A particle starts from the origin with a velocity of 10 m/s and moves with a constant acceleration till the velocity increases to 50 m/s. At that instant the acceleration is suddenly reversed. What will be the velocity of the particle, when it returns to the starting point?
avg velocity =30m/s
vf^2=vi^2+2ad
2500=100+2a d or d=1200/a
So new issue: we apply -a to stop it first.

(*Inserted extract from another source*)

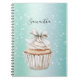 Mint White Bokeh Dots Bow Cupcake Notebook
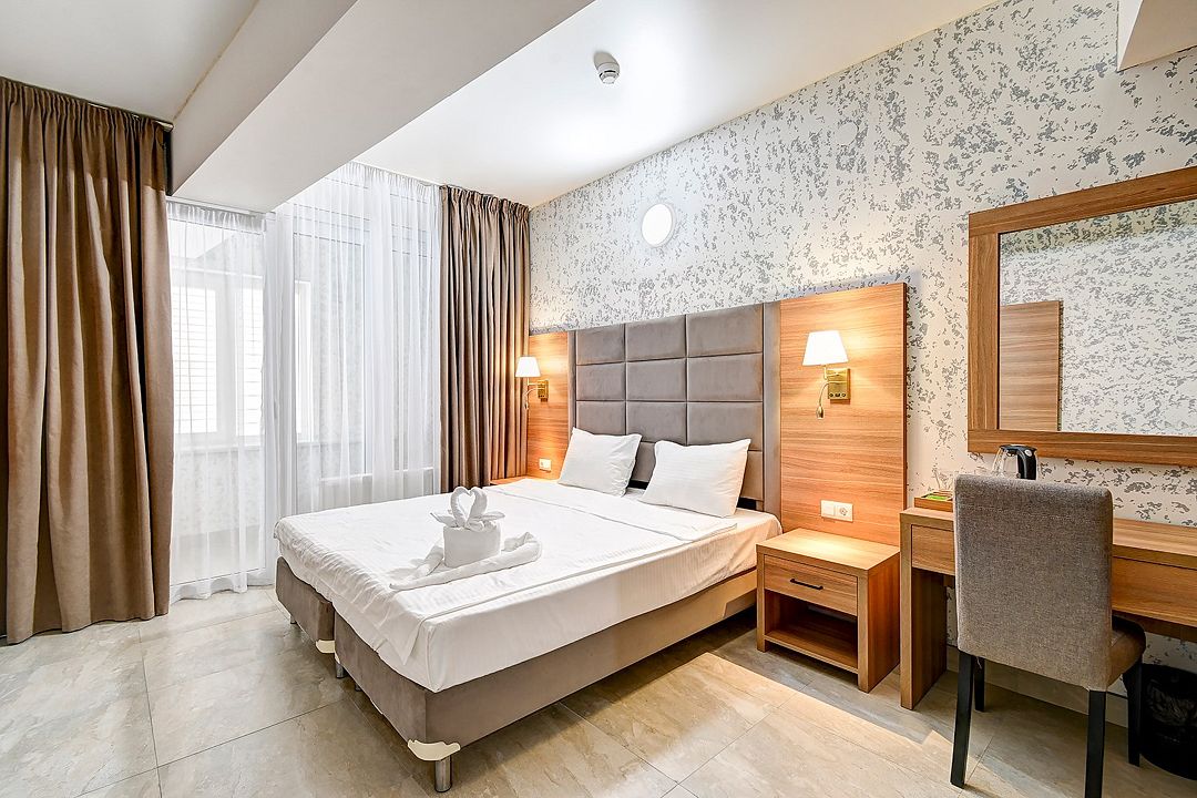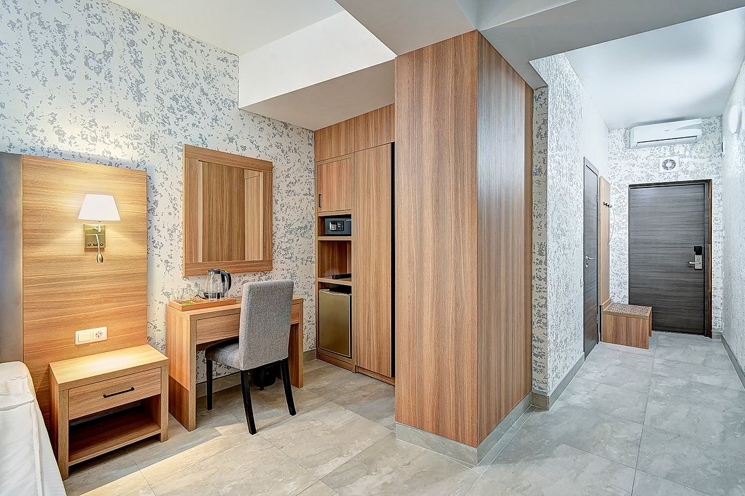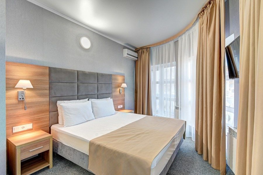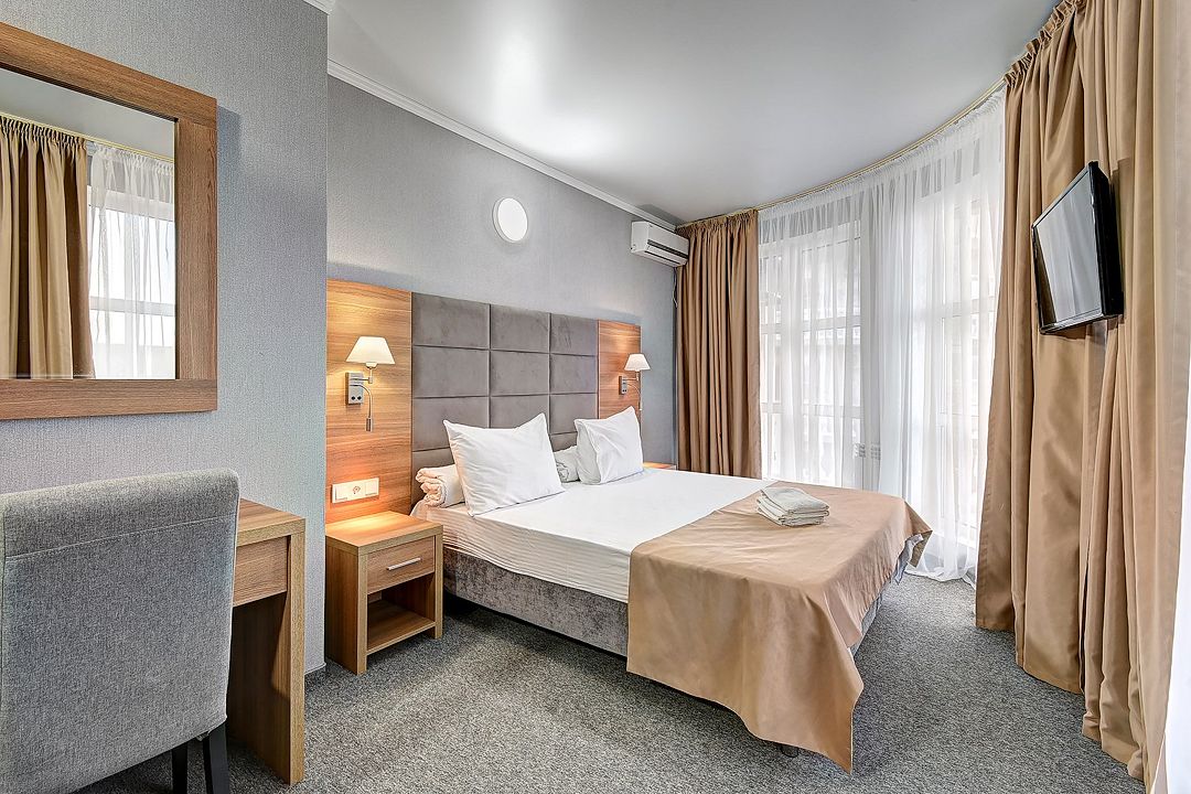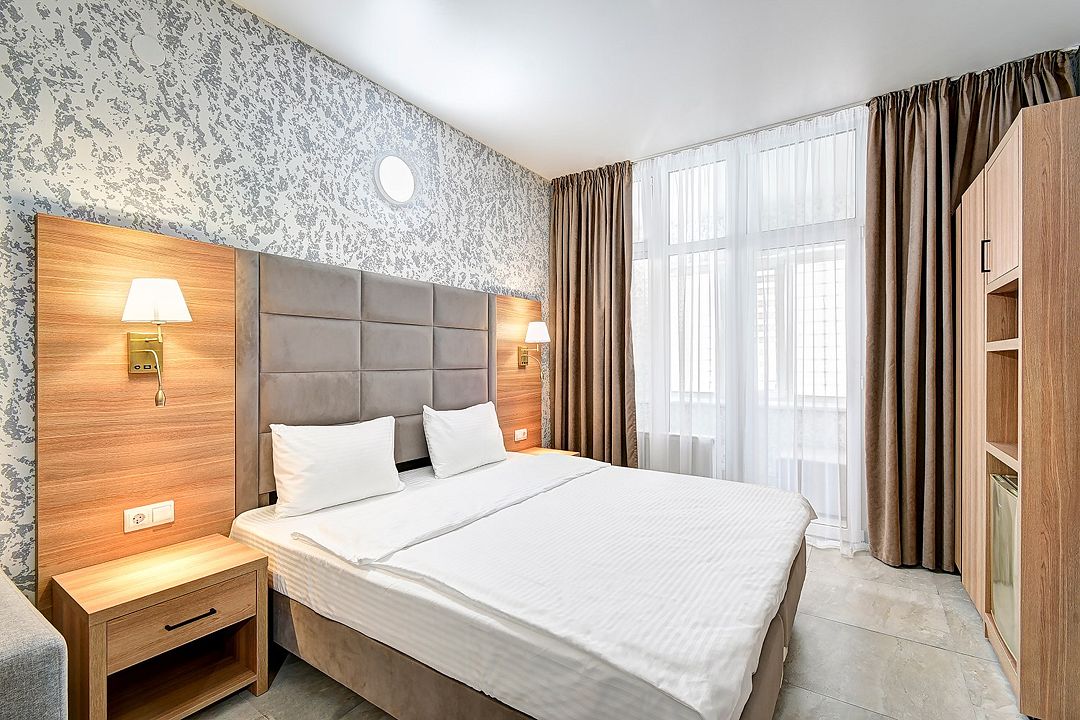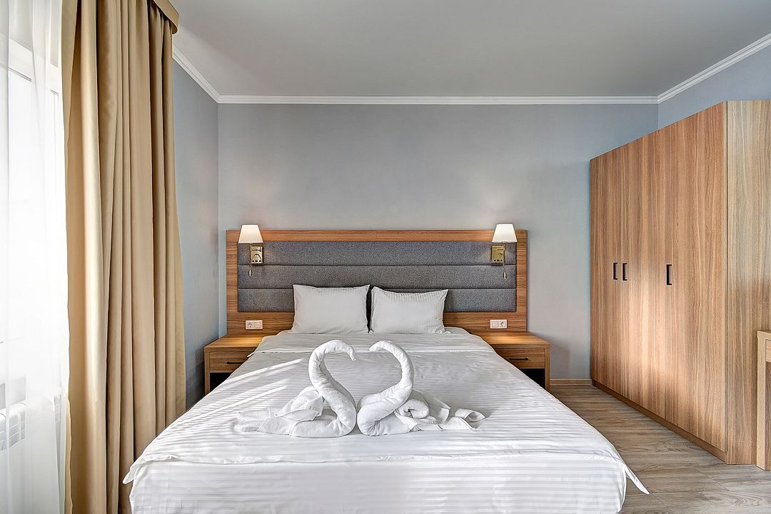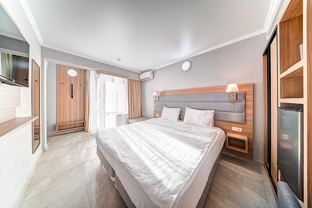 Номер оснащён удобной двуспальной кроватью с ортопедическим матрасом, прикроватными тумбочками с индивидуальным освещением, пуфом, который используется как дополнительное место, столиком, электронным сейфом и системой автоматического кондиционирования.

vf=vi+at=50-a*t or t=50/a to stop.
it now has went a second distance of
vf^2=Vi^2+2ad
0=50^2-2a d or
d=1250/a+1200/a
now on the return trip from the max total distance to the original position
vf^2=vi^2+2ad
vf^2=2(-a)(-1250/a-1200/a(
vf^2=2*2450
vf=sqrt(4900( =70m/s in the opposite direction of the original 10m/s
check my math.
To find the velocity of the particle when it returns to the starting point, we can break the problem into two parts: the first part when the particle is accelerating and the second part when the particle is decelerating.
First, let's find the time it takes for the particle to reach its maximum velocity. We can use the equation of motion:
v = u + at,
where v is the final velocity, u is the initial velocity, a is the acceleration, and t is the time taken. Let's denote the time taken for the particle to reach its maximum velocity as t1.
Given:
Initial velocity, u = 10 m/s
Final velocity, v = 50 m/s
We can rearrange the equation to solve for t1:
t1 = (v - u) / a,
Substituting the given values into the equation:
t1 = (50 - 10) / a,
Now, let's find the distance traveled by the particle during the first part. We can use the equation:
s = ut + (1/2)at^2,
where s is the distance traveled.
Since the particle starts from the origin, the distance traveled in the first part will be:
s1 = (1/2)at1^2,
Now, let's find the time it takes for the particle to return to the starting point after the acceleration is reversed. Let's denote this time as t2.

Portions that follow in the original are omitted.